### Collected data
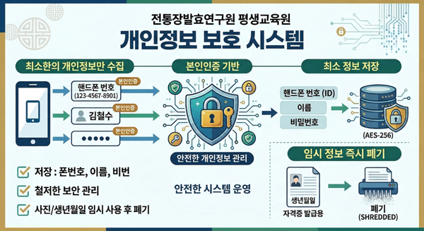 우리 교육원은 수강생 여러분의 소중한 개인정보를 안전하게 보호하기 위해 ‘개인정보 최소 수집 및 즉시 파기’ 원칙을 철저히 준수하고 있습니다. 정식 개원을 앞두고 현재 진행 중인 운영 방침을 안내드리오니 이용에 참고해 주시기 바랍니다.
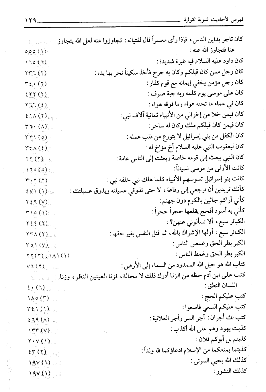كَانَ تَاجِرٌ يُدَايِنُ النَّاسَ، فَإِذَا رَأَى مُعْسِرًا قَالَ لِفِتْيَانِهِ: تَجَاوَزُوا عَنْهُ لَعَلَّ اللَّهَ يَتَجَاوَزُ عنا فتجاوز الله عنه: (1) 555 كَانَ دَاوُدُ عَلَيْهِ السَّلَامُ فِيهِ غَيْرَةٌ شَدِيدَةٌ: (6) 165 كَانَ رَجُلٌ مِمَّنْ كَانَ قَبْلَكُمْ وَكَانَ بِهِ جرح فأخذ سكينا نحر بها يده: (2) 236 كَانَ رَجُلٌ مُؤْمِنٌ يُخْفِي إِيمَانَهُ مَعَ قَوْمٍ كفار: (2) 340 كَانَ عَلَى مُوسَى يَوْمَ كَلَّمَهُ رَبُّهُ جُبَّةُ صوف: (2) 422 كَانَ فِي عَمَاءٍ مَا تَحْتَهُ هَوَاءٌ وَمَا فوقه هواء: (4) 266 كَانَ فِيمَنْ خَلَا مِنْ إِخْوَانِي مِنَ الْأَنْبِيَاءِ ثمانية آلاف نبي: (2) 418 كان فيمن كان قبلكم ملك وكان له ساحر: (8) 360 كَانَ الْكِفْلُ مِنْ بَنِي إِسْرَائِيلَ لَا يَتَوَرَّعُ من ذنب عمله: (5) 321 كَانَ لِيَعْقُوبَ النَّبِيِّ عَلَيْهِ السَّلَامُ أَخٌ مُؤَاخٍ له: (4) 348 كَانَ النَّبِيُّ يُبْعَثُ إِلَى قَوْمِهِ خَاصَّةً وَبُعِثْتُ إلى الناس عامة: (2) 22 كانت الأولى من موسى نسيانا: (5) 165 كَانَتْ بَنُو إِسْرَائِيلَ تَسُوسُهُمُ الْأَنْبِيَاءُ كُلَّمَا هَلَكَ نبي خلفه نبي: (2) 302 كَأَنَّكِ تُرِيدِينَ أَنْ تَرْجِعِي إِلَى رِفَاعَةَ، لَا حتى تذوقي عسيلته ويذوق عسيلتك: (1) 471 كأني أراكم جاثين بالكوم دون جهنم: (7) 249 كَأَنِّي بِهِ أَسْوَدَ أَفْحَجَ يَقْلَعُهَا حَجَرًا حَجَرًا: (1) 315 الكبائر سبع، ألا تسألوني عنهن؟: (2) 244 الْكَبَائِرُ سَبْعٌ: أَوَّلُهَا الْإِشْرَاكُ بِاللَّهِ، ثُمَّ قَتْلُ النفس بغير حقها: (2) 238 الكبر بطر الحق وغمص الناس: (7) 351 الكبر بطر الحق وغمط الناس: (1) 181، (2) 22 كِتَابُ اللَّهِ هُوَ حَبْلُ اللَّهِ الْمَمْدُودُ مِنَ السماء إلى الأرض: (2) 76 كَتَبَ عَلَى ابْنِ آدَمَ حَظَّهُ مِنَ الزِّنَا أدرك ذلك لا محالة، فزنا العينين النظر، وزنا اللسان النطق: (6) 40 كتب عليكم الحج: (3) 185 كتب عليكم السعي فاسعوا: (1) 341 كُتِبَ لَكَ أَجْرَانِ: أَجْرُ السِّرِّ وَأَجْرُ الْعَلَانِيَةِ: (8) 469 كذبت يهود وهم على الله أكذب: (7) 133 كذبتم بل أبوكم فلان: (1) 207 كذبتما يمنعكما من الإسلام ادعاؤكما لله ولدا: (2) 43 كذلك الله يحيي الموتى: (1) 197 كذلك النشور: (1) 197
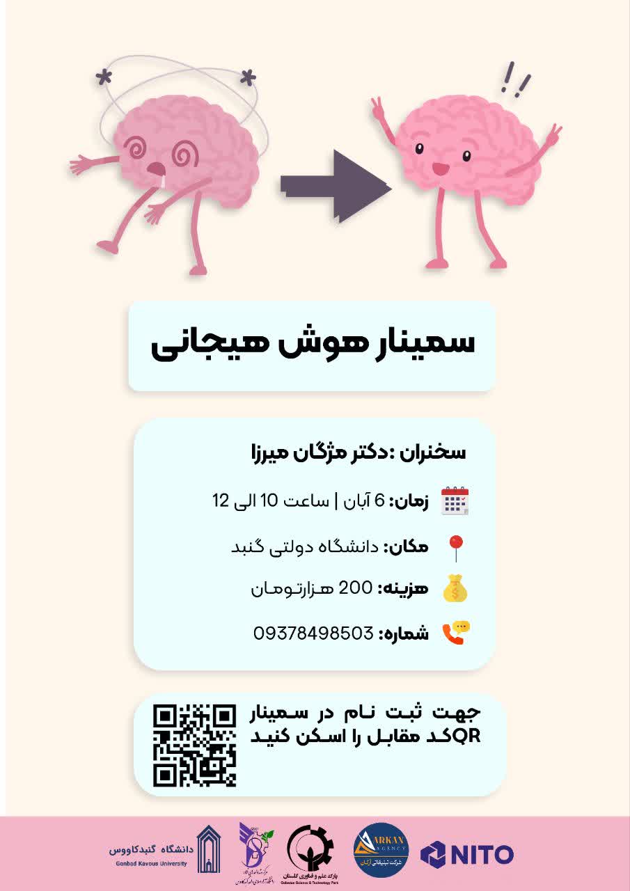 برگزاری دوره های مهارت افزایی و دانش افزایی دانشجویی، سمینار " هوش هیجانی" به مدت دو ساعت، مورخ 6 آبان ماه از ساعت 10 الی 12 با تدریس با استاد گرانقدر سرکار خانم دکتر مژگان میرزا در سالن حکمت دانشکده علوم انسانی دانشگاه گنبد کاووس برگزار میگردد. شایان ذکر است دانشجویان دانشگاه گنبدکاووس از کد تخفیف 80 درصدی برخوردار خواهند بود.

### What to work on
Omit the pictures and output all of the other material exactly.

### Reply
 우리 교육원은 수강생 여러분의 소중한 개인정보를 안전하게 보호하기 위해 ‘개인정보 최소 수집 및 즉시 파기’ 원칙을 철저히 준수하고 있습니다. 정식 개원을 앞두고 현재 진행 중인 운영 방침을 안내드리오니 이용에 참고해 주시기 바랍니다.
كَانَ تَاجِرٌ يُدَايِنُ النَّاسَ، فَإِذَا رَأَى مُعْسِرًا قَالَ لِفِتْيَانِهِ: تَجَاوَزُوا عَنْهُ لَعَلَّ اللَّهَ يَتَجَاوَزُ عنا فتجاوز الله عنه: (1) 555 كَانَ دَاوُدُ عَلَيْهِ السَّلَامُ فِيهِ غَيْرَةٌ شَدِيدَةٌ: (6) 165 كَانَ رَجُلٌ مِمَّنْ كَانَ قَبْلَكُمْ وَكَانَ بِهِ جرح فأخذ سكينا نحر بها يده: (2) 236 كَانَ رَجُلٌ مُؤْمِنٌ يُخْفِي إِيمَانَهُ مَعَ قَوْمٍ كفار: (2) 340 كَانَ عَلَى مُوسَى يَوْمَ كَلَّمَهُ رَبُّهُ جُبَّةُ صوف: (2) 422 كَانَ فِي عَمَاءٍ مَا تَحْتَهُ هَوَاءٌ وَمَا فوقه هواء: (4) 266 كَانَ فِيمَنْ خَلَا مِنْ إِخْوَانِي مِنَ الْأَنْبِيَاءِ ثمانية آلاف نبي: (2) 418 كان فيمن كان قبلكم ملك وكان له ساحر: (8) 360 كَانَ الْكِفْلُ مِنْ بَنِي إِسْرَائِيلَ لَا يَتَوَرَّعُ من ذنب عمله: (5) 321 كَانَ لِيَعْقُوبَ النَّبِيِّ عَلَيْهِ السَّلَامُ أَخٌ مُؤَاخٍ له: (4) 348 كَانَ النَّبِيُّ يُبْعَثُ إِلَى قَوْمِهِ خَاصَّةً وَبُعِثْتُ إلى الناس عامة: (2) 22 كانت الأولى من موسى نسيانا: (5) 165 كَانَتْ بَنُو إِسْرَائِيلَ تَسُوسُهُمُ الْأَنْبِيَاءُ كُلَّمَا هَلَكَ نبي خلفه نبي: (2) 302 كَأَنَّكِ تُرِيدِينَ أَنْ تَرْجِعِي إِلَى رِفَاعَةَ، لَا حتى تذوقي عسيلته ويذوق عسيلتك: (1) 471 كأني أراكم جاثين بالكوم دون جهنم: (7) 249 كَأَنِّي بِهِ أَسْوَدَ أَفْحَجَ يَقْلَعُهَا حَجَرًا حَجَرًا: (1) 315 الكبائر سبع، ألا تسألوني عنهن؟: (2) 244 الْكَبَائِرُ سَبْعٌ: أَوَّلُهَا الْإِشْرَاكُ بِاللَّهِ، ثُمَّ قَتْلُ النفس بغير حقها: (2) 238 الكبر بطر الحق وغمص الناس: (7) 351 الكبر بطر الحق وغمط الناس: (1) 181، (2) 22 كِتَابُ اللَّهِ هُوَ حَبْلُ اللَّهِ الْمَمْدُودُ مِنَ السماء إلى الأرض: (2) 76 كَتَبَ عَلَى ابْنِ آدَمَ حَظَّهُ مِنَ الزِّنَا أدرك ذلك لا محالة، فزنا العينين النظر، وزنا اللسان النطق: (6) 40 كتب عليكم الحج: (3) 185 كتب عليكم السعي فاسعوا: (1) 341 كُتِبَ لَكَ أَجْرَانِ: أَجْرُ السِّرِّ وَأَجْرُ الْعَلَانِيَةِ: (8) 469 كذبت يهود وهم على الله أكذب: (7) 133 كذبتم بل أبوكم فلان: (1) 207 كذبتما يمنعكما من الإسلام ادعاؤكما لله ولدا: (2) 43 كذلك الله يحيي الموتى: (1) 197 كذلك النشور: (1) 197
 برگزاری دوره های مهارت افزایی و دانش افزایی دانشجویی، سمینار " هوش هیجانی" به مدت دو ساعت، مورخ 6 آبان ماه از ساعت 10 الی 12 با تدریس با استاد گرانقدر سرکار خانم دکتر مژگان میرزا در سالن حکمت دانشکده علوم انسانی دانشگاه گنبد کاووس برگزار میگردد. شایان ذکر است دانشجویان دانشگاه گنبدکاووس از کد تخفیف 80 درصدی برخوردار خواهند بود.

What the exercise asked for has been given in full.